Rental Growth Trends

The national average monthly rent increased by 0.5% year-over-year, reaching $2,176. However, rent fell by 1% quarter-over-quarter, following typical seasonal trends.

Regional Rent Growth Performance

  • Midwest: 2.8% year-over-year growth (highest in the country)
  • Northeast: 2.3% growth
  • Pacific: 0.4% growth
  • Southeast: -1.1% decline (moderating from previous drops)
  • South Central: -2.5% decline
  • Mountain regions: -2.8% decline (largest drop recorded)

Despite some regions experiencing negative rent growth, the overall trend indicates stabilization and resilience in the multifamily market.

Multifamily Dominates Commercial Real Estate Investment

The multifamily sector led commercial real estate investment volume in Q4 and for the full year, commanding a 36% market share.

Top Markets for Investment Volume in 2024

  • Los Angeles: $9.6 billion
  • New York: $9.3 billion
  • Dallas-Fort Worth: $8.5 billion

These figures reinforce the confidence investors have in the multifamily sector, driven by strong demand, declining vacancies, and stable rental growth.



Future Outlook for Multifamily Real Estate

Looking ahead, the multifamily sector remains poised for continued growth, despite economic uncertainties. Key factors that will shape the market include:

  • Interest Rate Trends: Lower interest rates could boost development and investment activity.
  • Housing Affordability: Demand for multifamily units is likely to remain strong as affordability concerns limit single-family homeownership.
  • Urban Migration: The return to cities post-pandemic continues to drive demand for rental units in metropolitan areas.
  • Sustainable Development: More investors and developers are focusing on eco-friendly and energy-efficient buildings, aligning with regulatory trends and consumer preferences.

Conclusion

The multifamily sector has emerged as a dominant player in commercial real estate, breaking absorption records and leading investment volumes. The strong demand, coupled with declining vacancy rates and stable rental growth, highlights the resilience of this asset class. While some regions face supply-demand imbalances, the overall trajectory remains positive. As we move into 2025, the sector is well-positioned to benefit from macroeconomic trends, evolving consumer preferences, and increased investor confidence. With continued urbanization and shifting housing dynamics, multifamily real estate is set to remain a key driver in the commercial real estate landscape.


FAQs

1. What is multifamily net absorption? Multifamily net absorption refers to the difference between the number of apartment units leased and those vacated within a specific period. A positive absorption rate indicates strong demand for rental properties.

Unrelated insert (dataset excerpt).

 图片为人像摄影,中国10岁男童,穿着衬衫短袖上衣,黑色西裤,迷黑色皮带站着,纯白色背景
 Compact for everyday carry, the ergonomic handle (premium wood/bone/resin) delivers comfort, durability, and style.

2. Why did multifamily absorption reach record levels in Q4 2024? The record absorption in Q4 2024 was driven by high rental demand, lower vacancy rates, and a strong return to urban living, coupled with economic recovery and job growth.

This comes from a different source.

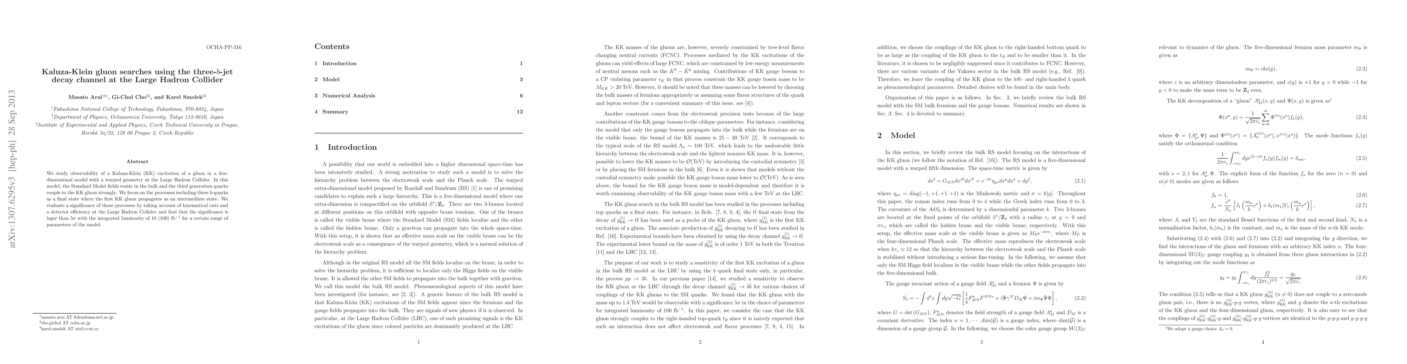 This paper investigates the potential detection of a Kaluza-Klein gluon in a five-dimensional warped geometry model at the Large Hadron Collider, focusing on processes with three b-jets as a final state. The study finds that the significance of these processes exceeds 5-sigma with sufficient integrated luminosity.
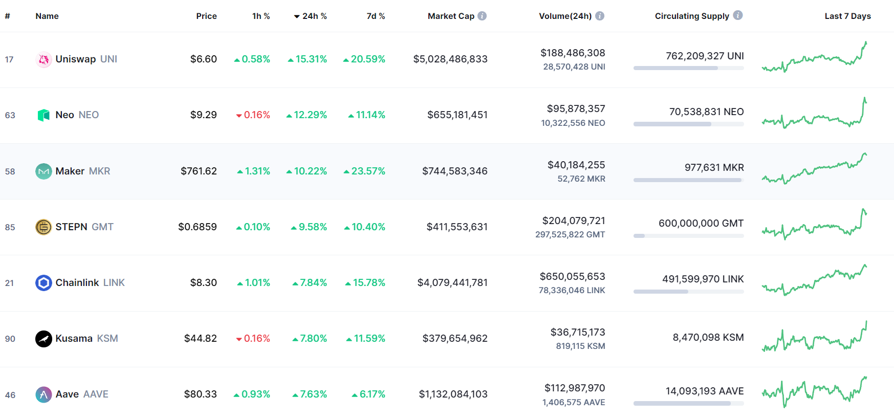 UNI, MKR, and AAVE gaining ground

3. Which cities had the highest multifamily absorption in 2024? New York, Houston, and Dallas led multifamily absorption in 2024, collectively accounting for over 96,700 units absorbed.

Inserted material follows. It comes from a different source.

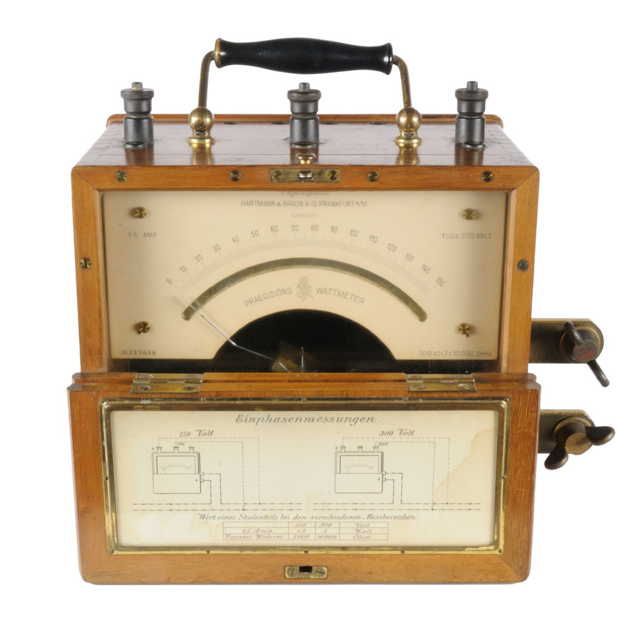 Das Messwerk ist in einem polierten Holzgehäuse eingebaut, auf der Vorderseite ist - wie bei dieser Bauart üblich - ein Klappdeckel zum Schutz der Glasplatte vor der Anzeige angebracht. Auf der Innenseite deiser Klappe findet sich die Anschaltanweisung für die Einphasenmessung sowie eine Anleitung zum Ablesen des Messwerks. Das Gerät besitzt einen Tragegriff (Holz mit Messing-Bügel). Auf der Oberseite finden sich die Anschlussklemmen für die Spannungsmessung, auf der rechten Seite sehr massive Anschlussklemmen für die Strommessung. Die Rückseite besteht aus einer perforierten Blechplatte zur Belüftung des Geräts. |

4. How do vacancy rates affect the multifamily market? Lower vacancy rates indicate strong demand and a tight rental market, leading to stable or rising rental prices, making multifamily properties an attractive investment.

5. What is the outlook for multifamily real estate in 2025? The outlook for 2025 remains positive, with continued demand, declining vacancies, and strong investment activity expected to sustain growth in the sector.